A esa hora, cinco de las seis galeazas cristianas, que marchan a la vanguardia de la flota, se aproximan a los turcos. Semejantes a castillos, cuentan con 44 piezas de gran calibre cada una. Los otomanos les disparan, con escasos resultados; en cambio, los cañones de las galeazas arrasan las cubiertas de los buques próximos y envían a pique a varias galeras turcas. La armada del comandante turco, Alí Pachá, les deja atravesar sus filas para sufrir menos daños, esperando el choque con el grueso de la flota de la Liga. Una vez superada la primera línea de galeazas cristianas, comenzó la verdadera batalla. Tras esto, las galeras de ambos bandos se trabaron unas con otras, barriendo al enemigo con el fuego de sus cañones, embistiéndose con sus espolones y lanzando a sus hombres al abordaje.

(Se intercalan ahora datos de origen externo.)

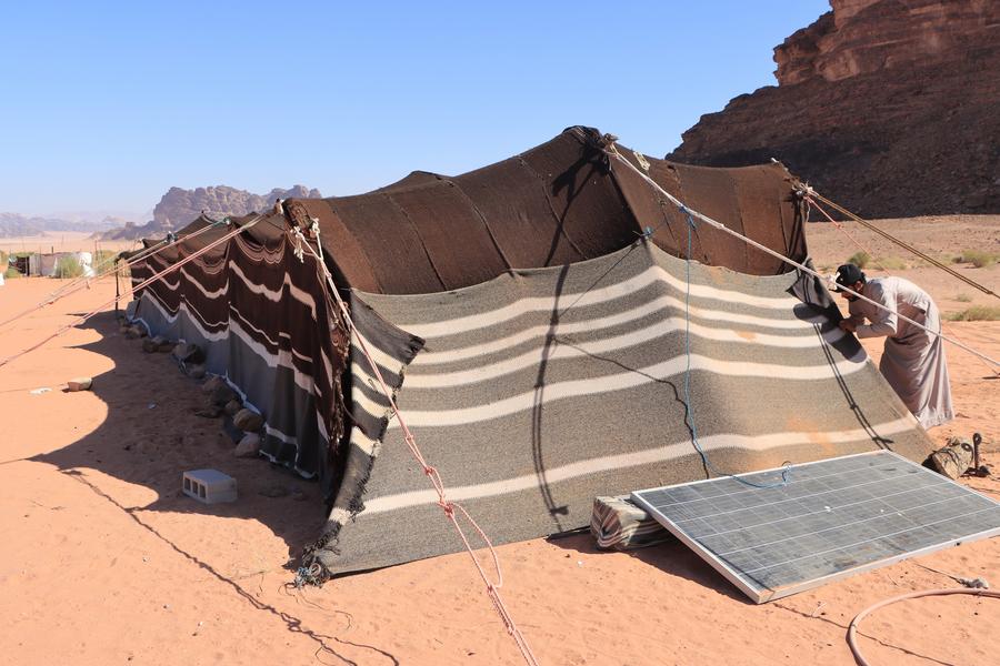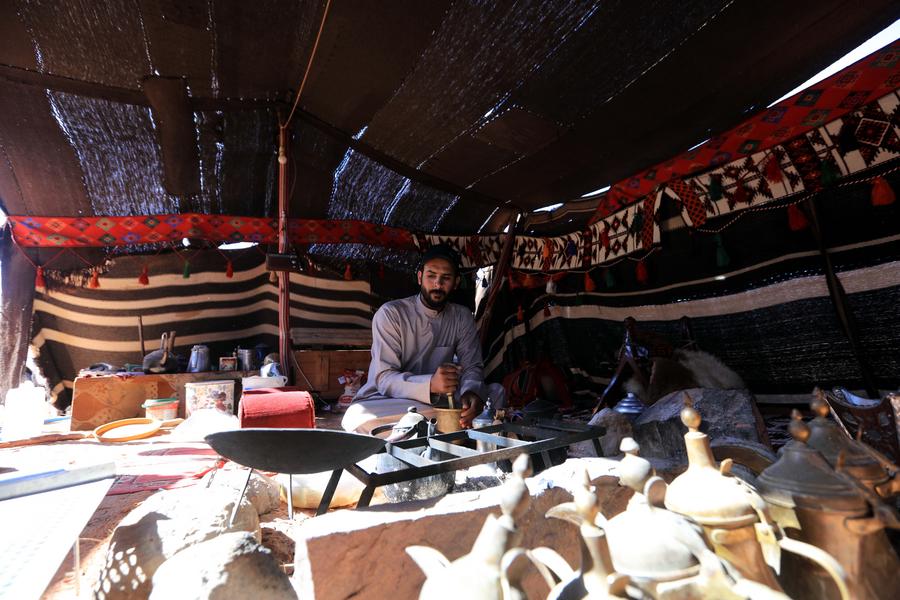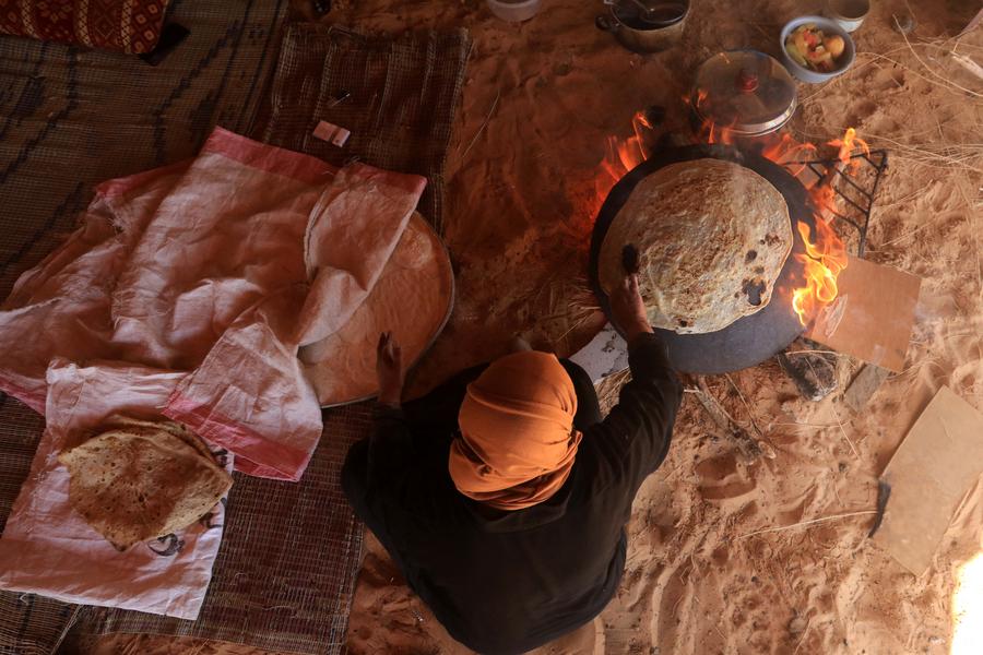 WADI RUM (Jordanie), 20 octobre (Xinhua) -- Une Bédouine prépare le repas dans le Wadi Rum, en Jordanie, le 11 octobre 2024. Les Bédouins, dont le nom signifie "habitants du désert" en arabe, sont des tribus arabes nomades qui habitent depuis toujours dans les régions désertiques de la péninsule arabique et de l'Afrique du Nord, entre autres. Au fil du temps, de nombreux Bédouins se sont sédentarisés, mais certains continuent de mener une vie nomade une partie de l'année. (Xinhua/Mohammad Abu Ghosh)Photo d'un Bédouin avec ses chameaux dans le Wadi Rum, en Jordanie, le 11 octobre 2024. (Xinhua/Mohammad Abu Ghosh)Un Bédouin moud du café dans une "maison de poil", une maison bédouine traditionnelle faite de laine de chèvre et de mouton dans le Wadi Rum, en Jordanie, le 11 octobre 2024. (Xinhua/Mohammad Abu Ghosh)Une Bédouine ferme la porte d'une "maison de poil", une maison bédouine traditionnelle faite de laine de chèvre et de mouton, dans le Wadi Rum, en Jordanie, le 11 octobre 2024. (Xinhua/He Yiping)

La tensión crece en las dos armadas, que están sólo a unos centenares de metros. Ambas saben que han de disparar sus cañones lo más tarde posible para causar más estragos, pues luego, en el fragor del combate, será muy difícil la recarga. La mayor parte de las gruesas piezas de artillería sólo podrá disparar una vez. En esta guerra de nervios son los otomanos los que disparan primero, pero casi todos sus proyectiles van a parar al mar. Cuando ya les separan menos de cien metros, los cañones de las galeras de la Liga empiezan a vomitar su carga, barriendo las cubiertas otomanas.
A esa distancia no hace falta apuntar: se dispara a bulto, sabiendo que las balas y la metralla impactarán en los cuerpos y buques enemigos. La fuerte acometida cogió por sorpresa a los otomanos, que se vieron obligados a romper su formación y tratar de acortar lo más velozmente la distancia que les separaba de los buques cristianos. No les quedaba más remedio, pues la potencia de fuego de las galeazas podía ser mortal para sus aspiraciones de conquista.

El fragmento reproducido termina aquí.